The food arrives as delicious as ever, and I continue working. Hours slip past, marked only by the rhythmic tap of my keyboard and the occasional murmur of the janitors as they make their rounds. They’re the witnesses to my relentless routine and the evidence of me living in my office.
When I finally call it a night, my eyes are dry, my veins vibrate with too much coffee, and my body slumps with exhaustion. The janitors nod as I pass with a wave. Night security stopped acknowledging me leave long ago, even though I mutter goodnight every time I exit. The streets are cold andempty. The synchronized traffic lights are the only signs of life around me. By the time I get home, I’m walking dead and can’t even muster the energy to do anything more than brush my teeth and go to sleep.
??
The phone wails from my living room, where I dumped my purse last night. I peel my eyes open, regretting not washing my face and removing my stinging contacts. My eyes have difficulty focusing when I sit in bed to look at my alarm clock, seeing it’s well past 8 am.
I set an early doctor’s appointment to avoid missing work. When I realize I only have thirty minutes to shower, get ready, and be in the medical center, I fly out of bed, stubbing my toe and cussing up a storm.
Panic gives way to a flurry of activity as I make do with the minimalist effort in my appearance and dash out the door to race into rush hour traffic. I honk my horn, cut people off, and am a general asshole to get to his office fifteen minutes late.
The receptionist gives me a tremendous attitude about my tardiness before the nurse calls me back to that dreaded machine that tells the real story of my weight gain. I nearly faint when the scale climbs over one hundred and sixty pounds, only to be made worse when she takes my blood pressure. Both results are dizzying. My heart throbs in my chest when she guides me to the room, catching up on my medical history and medications since last year’s appointment.
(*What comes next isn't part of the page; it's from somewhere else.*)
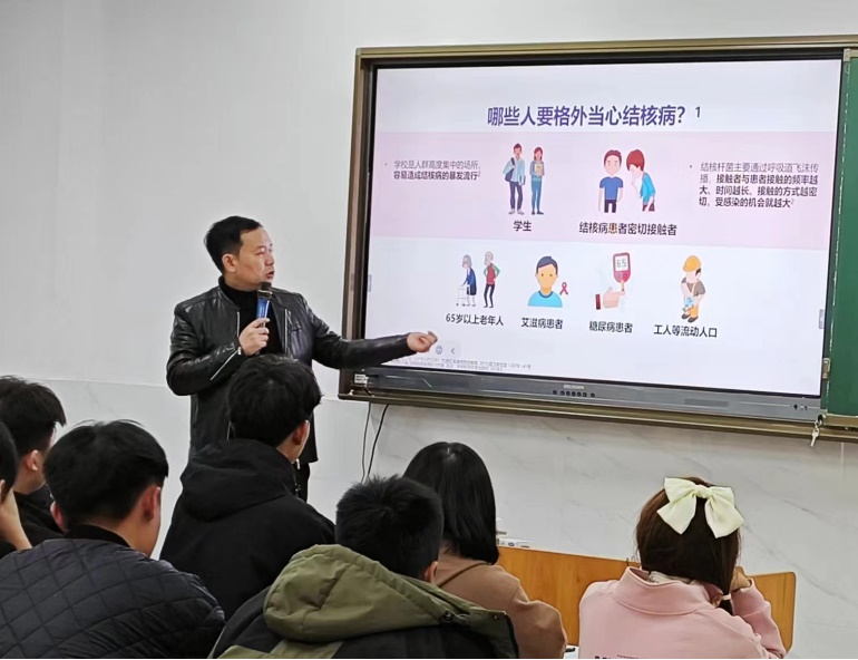 为进一步提高彩神Vll师生对春季传染病的认识,加强自身防护意识,有效预防控制结核病,积极构建“无核”校园,3月20日,在第29个“世界防治结核病日”来临之际,彩神Vll团委联合寿县疾控中心开展了防治结核知识进校园活动🕺🏼,寿县疾控中心工作人员为在校大学生带来“你我共同努力,终结结核流行”为主题的专题讲座,为在彩神Vll为大学生普及结核病防治知识。

Once that’s complete, she leaves me alone with my thoughts, wondering how I let it get this bad. Dr. Patel slips into the room with a grim look, and I immediately apologize for my tardiness. He shakes his head, humming at the results on the tablet, sittingon the stool the nurse vacated. Suddenly, I don’t think his look has anything to do with my late arrival.
“Kacie, your blood pressure is high. Too high,” he starts, not bothering with preambles. “And the weight gain is alarming. We’ll run some labs today, but I suspect they’ll confirm that you’re on the verge of becoming prediabetic.”
None of this is what I want to hear. I appreciate Dr. Patel’s bluntness as I usually deal with the facts of the case, not emotions. This time, I wish he’d soften the blow.
“I’ve watched your health parameters climb steadily each year. It’s time we talk about your lifestyle. Please walk me through a typical day. Work, diet, and exercise.”
Oh no.
He asks me this every year. I have forgotten how much I dread the interview portion before the examination. It’s always bad when he makes me account for my lack of work-life balance.
“Well,” I begin, clearing my throat. “I’m at the office early, often skipping breakfast or grabbing something quick like a bagel from the cart in the tunnel. Lunch is . . . whenever I can fit it in, usually something fast.”
He scribbles his notes on his tablet, waiting for me to continue.
“Dinner.” I hesitate, the image of my overflowing trash bin of takeout containers flashing in my mind. “Is often the same. As for exercise, it’s . . . sporadic at best.”